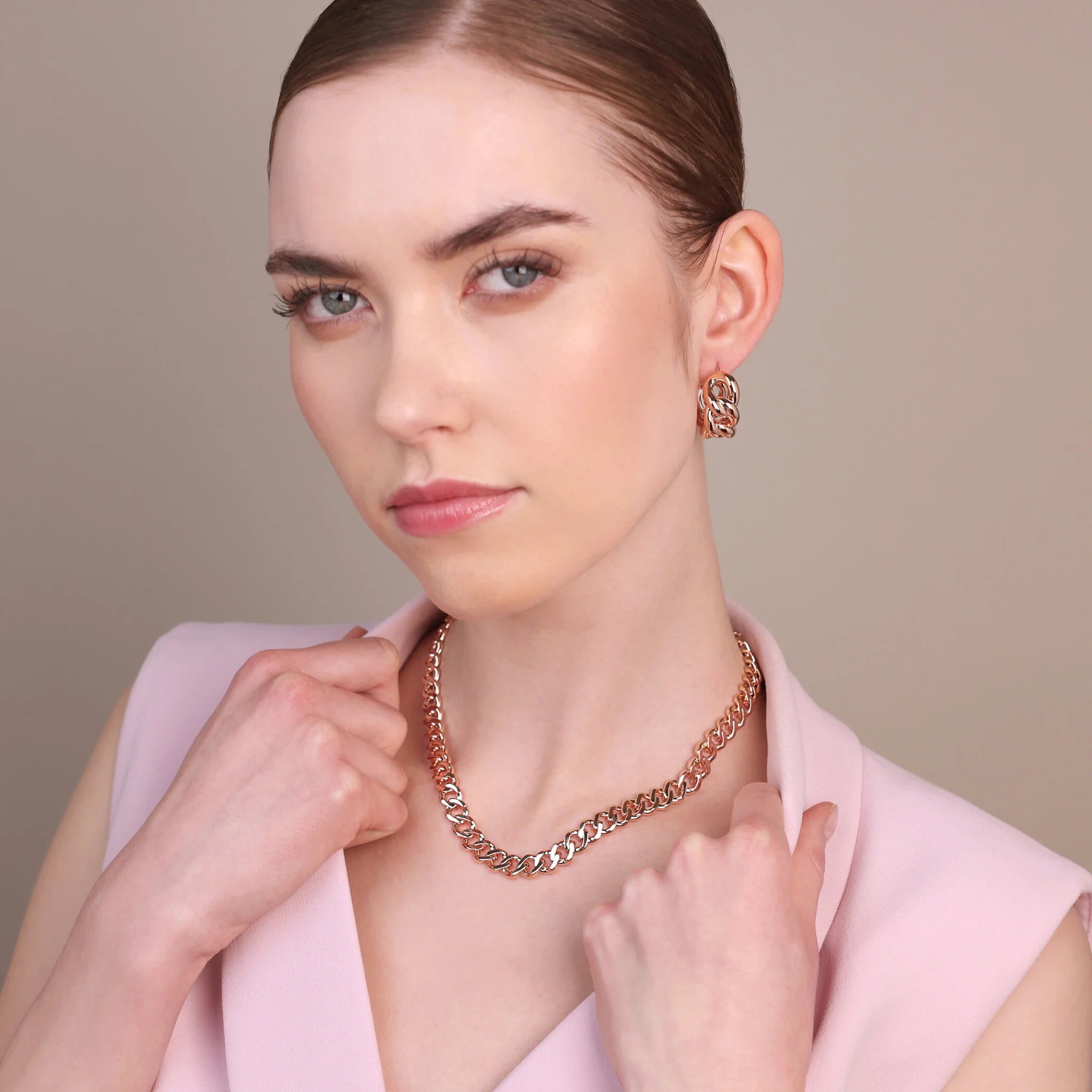 Ohrstecker von Bronzallure aus einer Golden Rosé Legierung, mit 18kt Roségold beschichtet, mit glänzender Ankerkette. Bajonettverschluss.
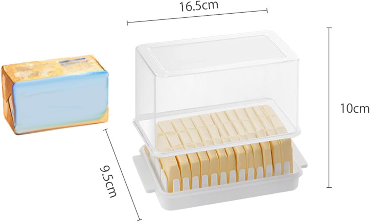[Materiale durevole premium] realizzato con materiale PP di alta qualità Questo piatto da taglio del burro con coperchio è costruito per durare la costruzione robusta assicura che sia impermeabile e resistente alla deformazione che garantisce un uso a lungo termine in cucina o congelatore il suo design robusto resiste a usura quotidiana e lacrime. [Taglio uniforme preciso] Progettato per l'accuratezza Questa scatola di taglieri di burro garantisce tagli uniformi e coerenti ogni volta che il design innovativo rende senza sforzo tagliare il burro in porzioni perfette che ti risparmiano tempo e fatica in cucina i bordi lisci e la superficie facile da pulire aggiungi alla sua comodità che lo faceva avere un utensile [Comoda soluzione di stoccaggio] Questa scatola di burro è perfetta per mantenere il burro fresco e organizzato sia in frigorifero che in cucina controso [Coperchio di vista facile trasparente] Il coperchio trasparente trasparente consente di identificare rapidamente il contenuto all'interno senza aprire la scatola Questa funzione è particolarmente utile quando è necessario afferrare il burro in fretta, il coperchio è anche progettato per sigillare strettamente il tuo burro. [Cucina versatile essenziale] Oltre allo stoccaggio del burro Questo contenitore è per organizzare il tofu del formaggio e altri oggetti simili il suo design multifunzionale lo rende un'aggiunta versatile a qualsiasi cucina per la preparazione dei pasti o l'uso quotidiano questa scatola aiuta a mantenere i tuoi ingredienti ordinatamente immagazzinati e facilmente accessibili
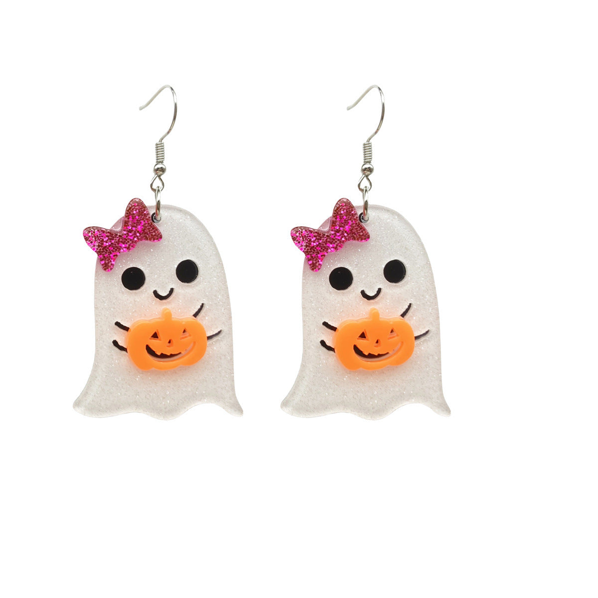 1 Pair Halloween Pumpkin Ghost Skull Acrylic Drop Earrings with Flower Bow Knot Design

WHAT NEEDS TO BE DONE:
Please transcribe the listing above verbatim and exclude every picture.

SOLUTION TO THIS EXERCISE:
 Ohrstecker von Bronzallure aus einer Golden Rosé Legierung, mit 18kt Roségold beschichtet, mit glänzender Ankerkette. Bajonettverschluss.
[Materiale durevole premium] realizzato con materiale PP di alta qualità Questo piatto da taglio del burro con coperchio è costruito per durare la costruzione robusta assicura che sia impermeabile e resistente alla deformazione che garantisce un uso a lungo termine in cucina o congelatore il suo design robusto resiste a usura quotidiana e lacrime. [Taglio uniforme preciso] Progettato per l'accuratezza Questa scatola di taglieri di burro garantisce tagli uniformi e coerenti ogni volta che il design innovativo rende senza sforzo tagliare il burro in porzioni perfette che ti risparmiano tempo e fatica in cucina i bordi lisci e la superficie facile da pulire aggiungi alla sua comodità che lo faceva avere un utensile [Comoda soluzione di stoccaggio] Questa scatola di burro è perfetta per mantenere il burro fresco e organizzato sia in frigorifero che in cucina controso [Coperchio di vista facile trasparente] Il coperchio trasparente trasparente consente di identificare rapidamente il contenuto all'interno senza aprire la scatola Questa funzione è particolarmente utile quando è necessario afferrare il burro in fretta, il coperchio è anche progettato per sigillare strettamente il tuo burro. [Cucina versatile essenziale] Oltre allo stoccaggio del burro Questo contenitore è per organizzare il tofu del formaggio e altri oggetti simili il suo design multifunzionale lo rende un'aggiunta versatile a qualsiasi cucina per la preparazione dei pasti o l'uso quotidiano questa scatola aiuta a mantenere i tuoi ingredienti ordinatamente immagazzinati e facilmente accessibili
 1 Pair Halloween Pumpkin Ghost Skull Acrylic Drop Earrings with Flower Bow Knot Design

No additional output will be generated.